» Exercise data:
*** Block opens ***
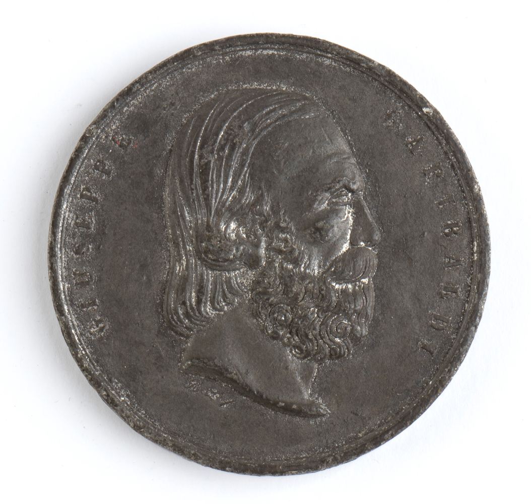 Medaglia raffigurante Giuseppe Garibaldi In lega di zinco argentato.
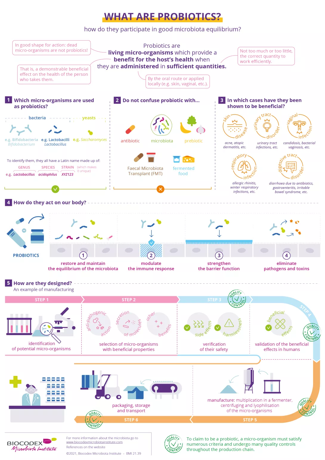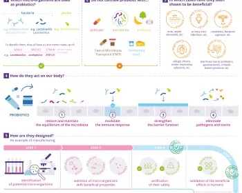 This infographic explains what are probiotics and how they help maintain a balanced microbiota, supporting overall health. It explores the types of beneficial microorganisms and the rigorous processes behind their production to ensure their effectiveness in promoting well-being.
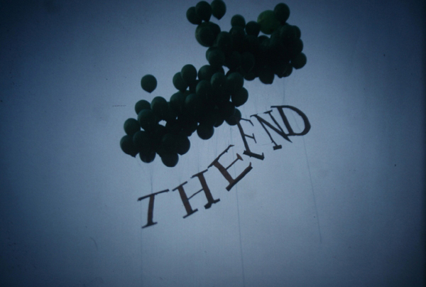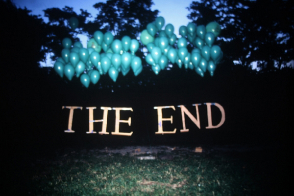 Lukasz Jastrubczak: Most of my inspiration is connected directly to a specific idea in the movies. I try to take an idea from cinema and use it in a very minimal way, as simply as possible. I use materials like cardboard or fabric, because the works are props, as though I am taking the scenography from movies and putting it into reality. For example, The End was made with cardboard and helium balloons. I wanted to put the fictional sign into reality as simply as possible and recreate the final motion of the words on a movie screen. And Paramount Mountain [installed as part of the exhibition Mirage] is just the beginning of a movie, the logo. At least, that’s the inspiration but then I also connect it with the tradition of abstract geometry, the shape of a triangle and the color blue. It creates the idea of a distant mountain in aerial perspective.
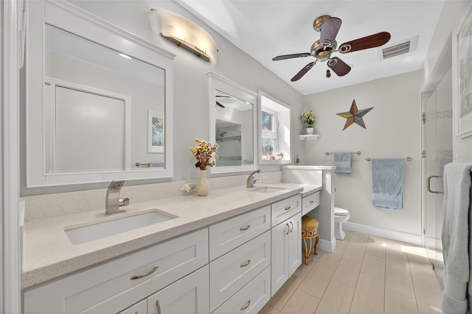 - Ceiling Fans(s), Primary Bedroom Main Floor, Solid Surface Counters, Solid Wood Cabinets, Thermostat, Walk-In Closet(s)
*** Block closes ***
*** Block opens ***
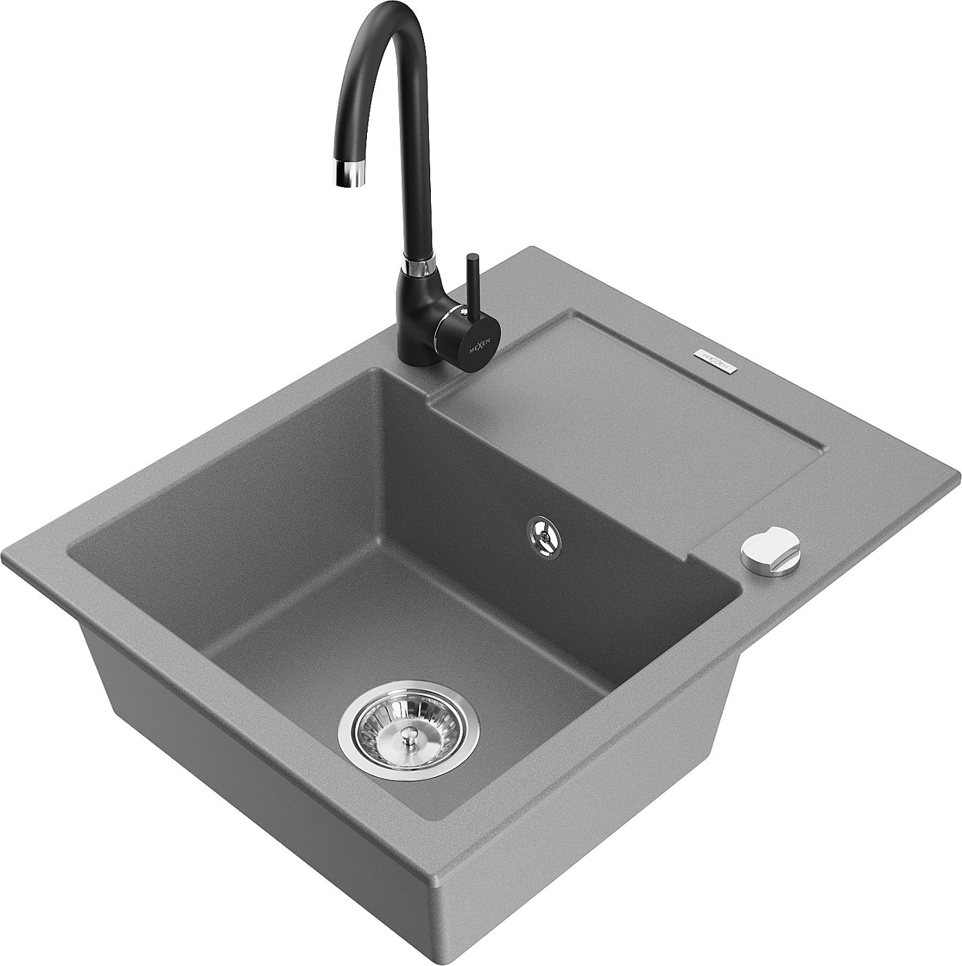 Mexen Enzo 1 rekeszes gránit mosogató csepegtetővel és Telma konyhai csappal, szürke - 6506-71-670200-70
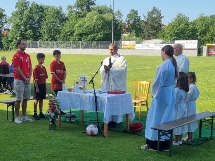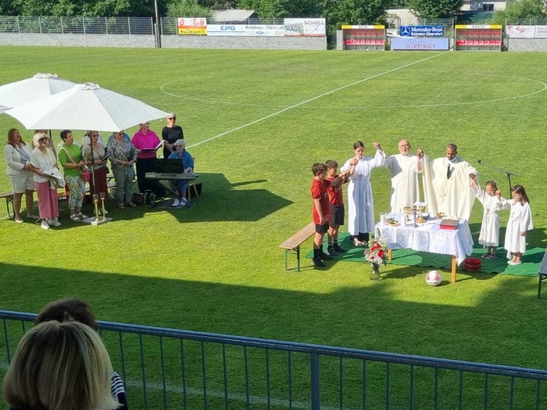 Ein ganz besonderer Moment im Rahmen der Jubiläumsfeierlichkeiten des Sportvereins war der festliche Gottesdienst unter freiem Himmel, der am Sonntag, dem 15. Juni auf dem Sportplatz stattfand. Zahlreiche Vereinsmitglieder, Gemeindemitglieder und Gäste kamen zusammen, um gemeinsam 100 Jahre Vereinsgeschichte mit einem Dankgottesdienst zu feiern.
*** Block closes ***
Among the entries above, locate the line with "Mexen Enzo 1" and the line with "Ein ganz besonderer". Give those two lines and all lines between them again, exactly, leaving out the pictures.

» Answer section:
 Mexen Enzo 1 rekeszes gránit mosogató csepegtetővel és Telma konyhai csappal, szürke - 6506-71-670200-70
 Ein ganz besonderer Moment im Rahmen der Jubiläumsfeierlichkeiten des Sportvereins war der festliche Gottesdienst unter freiem Himmel, der am Sonntag, dem 15. Juni auf dem Sportplatz stattfand. Zahlreiche Vereinsmitglieder, Gemeindemitglieder und Gäste kamen zusammen, um gemeinsam 100 Jahre Vereinsgeschichte mit einem Dankgottesdienst zu feiern.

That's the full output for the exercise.